It is but natural that the verb should take up as much, or indeed, more space than all the other parts of speech we have so far considered, put together. It is the only part of speech in present-day English that has a morphological system based on a series of categories. It is the only part of speech that has analytical forms, 1 and again the only one that has forms (the infinitive, the gerund and the participle) which occupy a peculiar position in its system and do not share some of the characteristic features of the part of speech as a whole.

In analysing the morphological structure of the English verb it is essential to distinguish between the morphological categories of the verb as such, and the syntactic features of the sentence (or clause) in which a form of the verb may happen to be used. This applies especially to the category of voice and, to a certain extent, to the categories of aspect and tense as well.

The order in which we shall consider the categories of the verb may to a certain extent be arbitrary. However, we should bear in mind that certain categories are more closely linked together than others. Thus, it stands to reason that the categories of aspect and tense are linked more closely than either of them is with the category of voice. It is also plain that there is a close connection between the categories of tense and mood. These relations will have to be borne in mind as we start to analyse the categories of the verb.

One last preliminary remark may be necessary here. It is always tempting, but it may prove dangerous, to approach the morphological system of the verb in one language from the point of view of another language, for example, the student's mother tongue, or a widely known language such as Latin. Of course the system of each language should be analysed on its own, and only after this has been done should we proceed to compare it with another. Anyway the assessment of the system of a given language ought not to be influenced by the student's knowledge of another language. Neglect of this principle has often brought about differences in the treatment of the same language, depending on the student's mother tongue.
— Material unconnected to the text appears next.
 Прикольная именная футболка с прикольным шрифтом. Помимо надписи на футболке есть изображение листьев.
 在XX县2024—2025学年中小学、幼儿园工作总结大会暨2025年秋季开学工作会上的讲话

We will begin the analysis of each verbal category by examining two forms or two sets of forms differing from each other according to that category only.

ASPECT

There are two sets of forms in the Modern English verb which are contrasted with each other on the principle of use or non-use of the pattern "be + first participle":

writes is writing wrote was writing

' will write will be writing has written has been writing

etc.

These two sets of forms clearly belong to the same verb write and there is some grammatical difference between them. We will not here consider the question whether the relation between writes and is writing is exactly the same as that between wrote and was writing, etc. We will assume that it is the same relation.
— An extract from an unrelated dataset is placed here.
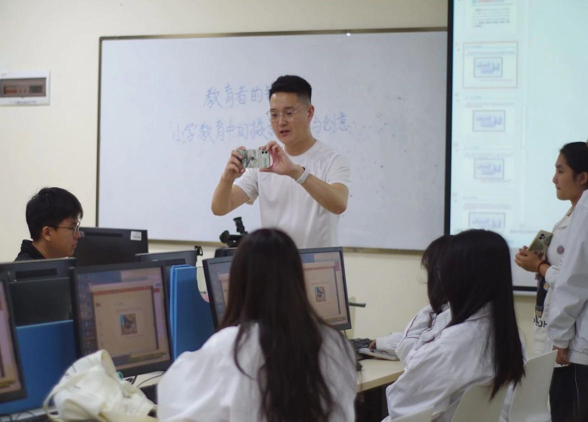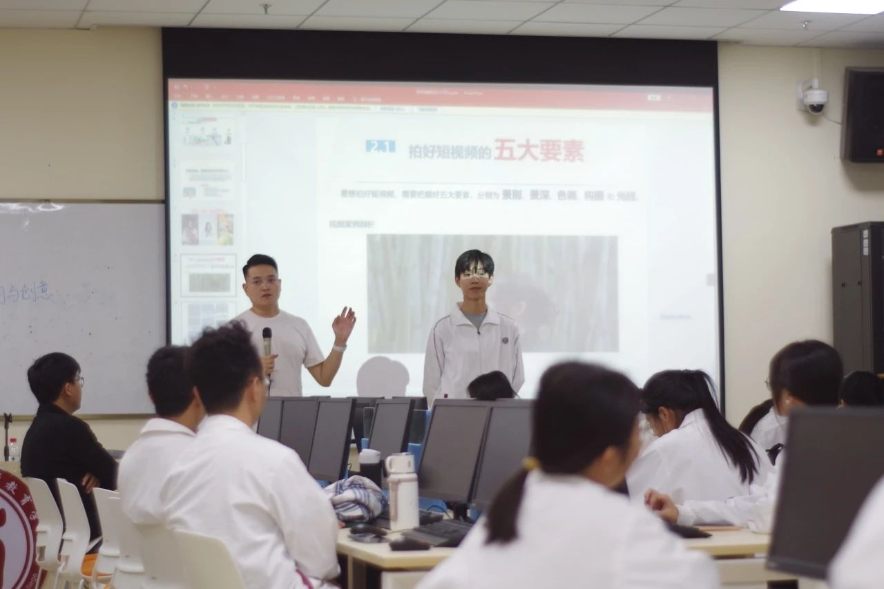 在课堂实战环节中,同学们观看完广州华商学院宣传视频后,邹老师指出其可完善之处,并亲自教授拍摄手法与姿势,将理论与实践相结合。讲解完推拉镜头效果后,邹老师邀请同学们上台体验,还详细介绍九宫格、二分/三分构图法等常用构图方式以及顺光、逆光等光源运用技巧,助力学生踏上摄影高手之路。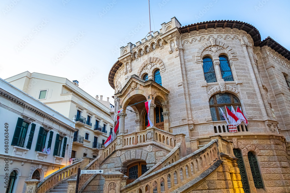 Sunset view of old city of Monaco, a sovereign city-state on the French Riviera, in Western Europe, on the Mediterranean Sea

What, then, is the basic difference between writes and is writing, or between wrote and was writing? If we consult the definitions of the meaning of is writing given in various grammar books, we shall find, with some variations of detail, that the basic characteristic of is writing is this: it denotes an action proceeding continuously at a definite period of time, within certain time limits. On the other hand, writes denotes an action not thus limited but either occurring repeatedly or everlasting, without any notion of lasting duration at a given moment. It should be noted here that many variations of this essential meaning may be due to the lexical meaning of the verb and of other words in the sentence; thus there is some difference in this respect between the sentence the earth turns round the sun and the sentence the sun rises in the East: the action mentioned in the former sentence goes on without interruption, whereas that mentioned in the latter sentence is repeated every morning and does not take place at all in the evening, etc. But this is irrelevant for the meaning of the grammatical form as such and merely serves to illustrate its possible applications.

The basic difference between the two sets of forms, then, appears to be this: an action going on continuously during a given period of time, and an action not thus limited and not described by the very form of the verb as proceeding in such a manner.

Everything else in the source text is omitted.